**The problem:**
Among the lines below, output only those between the line holding "Unterdessen gab es" and the line holding "- 8 comprehension", inclusive, exactly as written and with no pictures.

Records section start

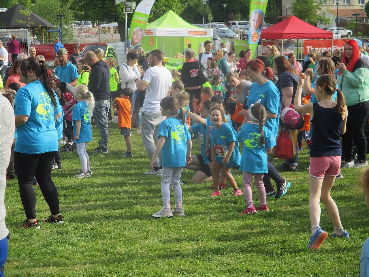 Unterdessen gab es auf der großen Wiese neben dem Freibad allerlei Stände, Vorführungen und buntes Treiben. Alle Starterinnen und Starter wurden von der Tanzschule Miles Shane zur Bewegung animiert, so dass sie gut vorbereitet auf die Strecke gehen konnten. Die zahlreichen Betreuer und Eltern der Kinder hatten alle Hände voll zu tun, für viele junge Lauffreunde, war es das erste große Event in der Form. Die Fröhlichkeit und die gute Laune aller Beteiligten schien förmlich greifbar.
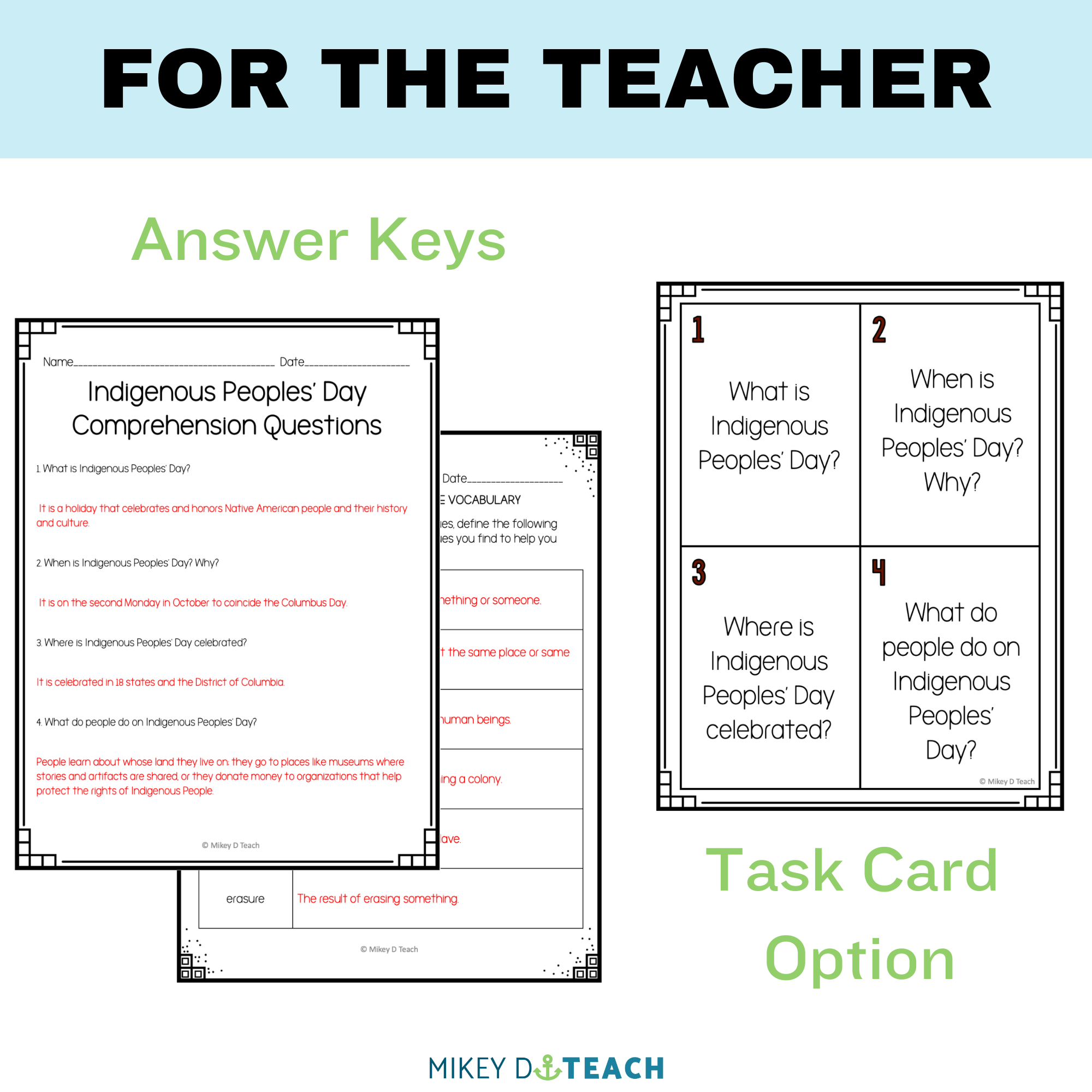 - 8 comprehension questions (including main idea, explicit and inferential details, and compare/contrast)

Records section end
Records section start

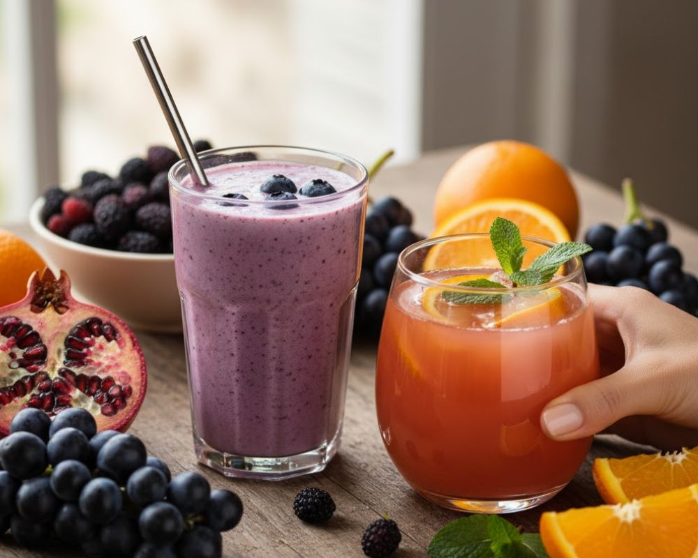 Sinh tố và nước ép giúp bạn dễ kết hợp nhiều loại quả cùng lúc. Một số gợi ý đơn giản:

Records section end
Records section start

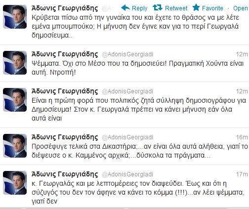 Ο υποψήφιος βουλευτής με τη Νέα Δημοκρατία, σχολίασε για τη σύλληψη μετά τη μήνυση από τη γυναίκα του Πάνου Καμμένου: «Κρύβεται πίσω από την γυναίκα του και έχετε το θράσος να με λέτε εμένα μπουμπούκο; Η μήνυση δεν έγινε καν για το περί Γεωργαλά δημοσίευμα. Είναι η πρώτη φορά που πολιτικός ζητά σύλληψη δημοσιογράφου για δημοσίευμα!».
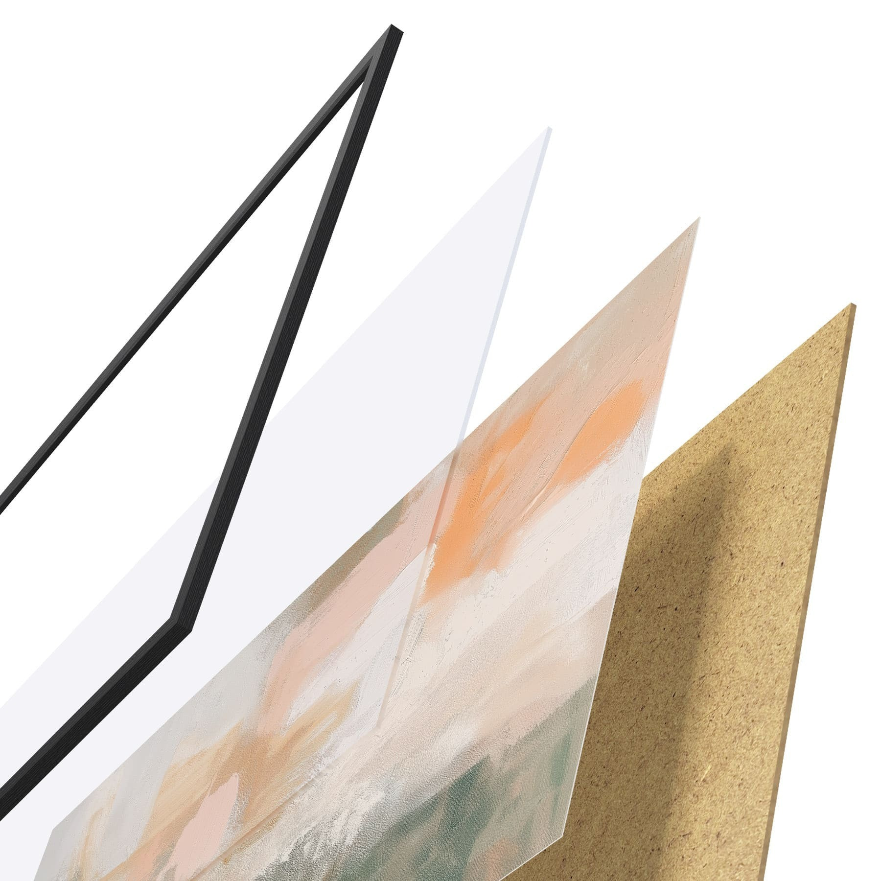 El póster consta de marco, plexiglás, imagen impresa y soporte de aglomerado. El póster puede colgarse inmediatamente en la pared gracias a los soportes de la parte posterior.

Records section end

**Response to the exercise:**
 Unterdessen gab es auf der großen Wiese neben dem Freibad allerlei Stände, Vorführungen und buntes Treiben. Alle Starterinnen und Starter wurden von der Tanzschule Miles Shane zur Bewegung animiert, so dass sie gut vorbereitet auf die Strecke gehen konnten. Die zahlreichen Betreuer und Eltern der Kinder hatten alle Hände voll zu tun, für viele junge Lauffreunde, war es das erste große Event in der Form. Die Fröhlichkeit und die gute Laune aller Beteiligten schien förmlich greifbar.
 - 8 comprehension questions (including main idea, explicit and inferential details, and compare/contrast)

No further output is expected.